This is Banksy at his most poetic: intimate yet political, human yet post-apocalyptic. A maternal embrace, shielded from a world where even closeness requires armor.

This work, spay-painted onto cardboard, is [art of a number of studies for one of the artist’s very rare artistic and commercial commissions, which culminated in the cover art for the English rock band Blur’s Think Tank album, released in 2003.

Where the album cover depicted an embracing couple, estranged by their diving helmets in a reference to the shrouded lovers in Magritte’s Les Amants, the helmet enclosing the head of the life-sized child in Space Girl and Bird isolates her from her pet – and by extension, from nature in general.
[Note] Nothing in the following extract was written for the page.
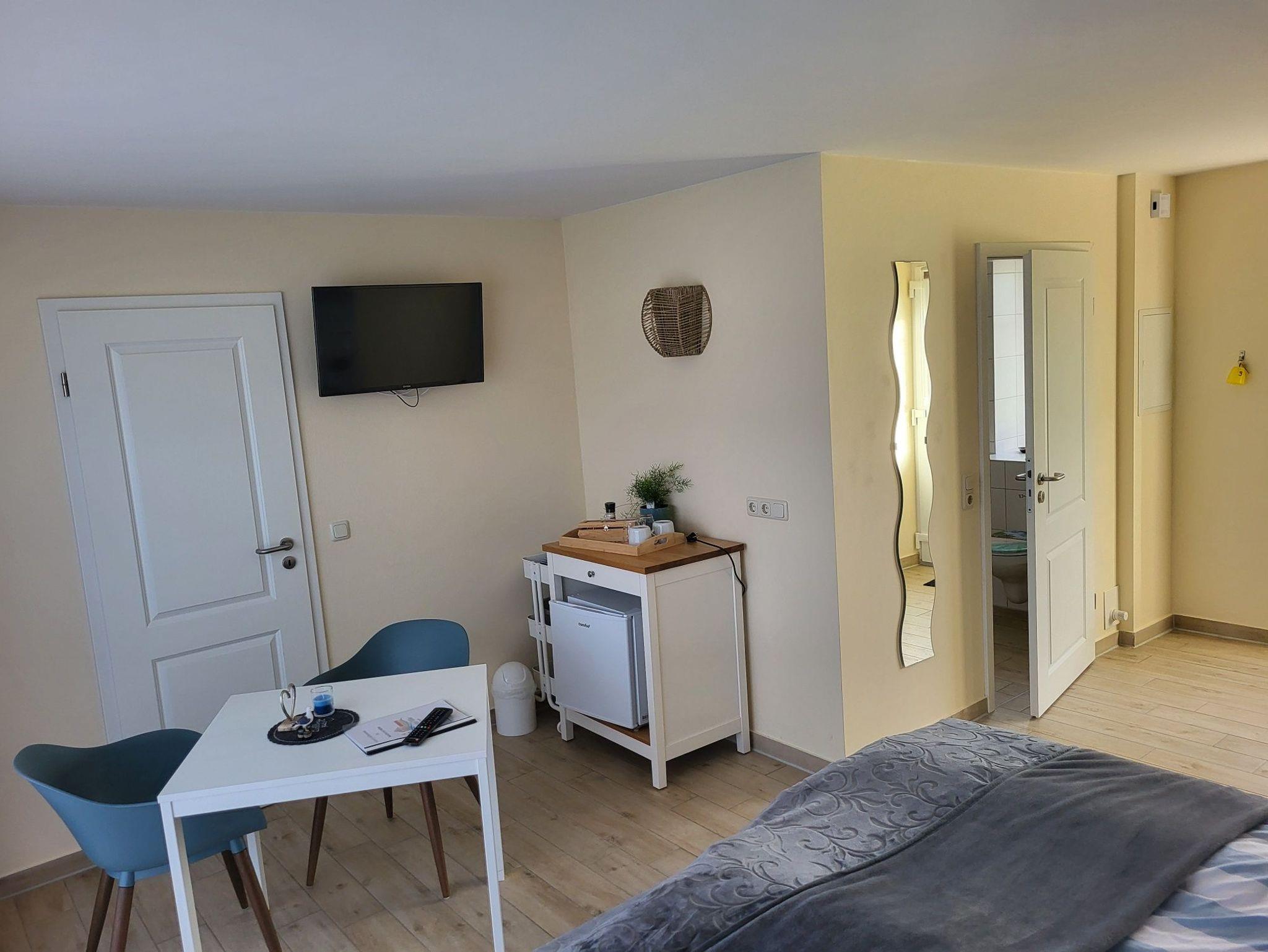 Das Doppelzimmer verfügt über ein Boxspringbett, das wahlweise als Doppelbett oder zwei Einzelbetten gestellt werden kann. Es gibt ein Duschbad/WC und ein kleines Küchenregal mit Wasserkocher, Minikühlschrank und Geschirr.

The image is closely related in its message of corrupted innocence to a work the artist stenciled in the streets of London of a similarly pony-tailed girl in a gas mask clutching a red flower, which she is unable to smell.
Blur, former art students themselves, sought to align themselves with Banksy because this celebrated graffiti artist, art terrorist and prankster’s often humorous images of discontent encapsulate and satirize the pervasive introversion and alienation current in contemporary British culture. Think Tank is the seventh studio album by the English rock band Blur, released in 5 May 2003. Continuing the jam-based studio constructions of the group’s previous album, the album expanded on the use of sampled rhythm loops and brooding, heavy electronic sounds. There are also heavy influences from dance music, hip hop, dub, jazz and African music. Recording sessions started in November 2001, taking place in London, Morocco and Devon to finish a year later.

Think Tank is a concept album about “love and politics”, associated with the widespread protests against the Iraq war notably. Anti-war themes are recurrent in the album as well as in associated artwork and promotional videos. After leaking onto the internet in March, Think Tank was released on 5 May 2003 and entered the UK Album Chart at number one, making it Blur‘s fifth consecutive studio album to reach the top spot. Think Tank also reached the top 20 in many other countries, including Austria, Switzerland, Germany, Norway and Japan. It was their highest charting album in the United States, reaching number 56 on the Billboard 200. The album produced three singles, which charted at number 5, number 18 and number 22 respectively on the UK Singles Chart.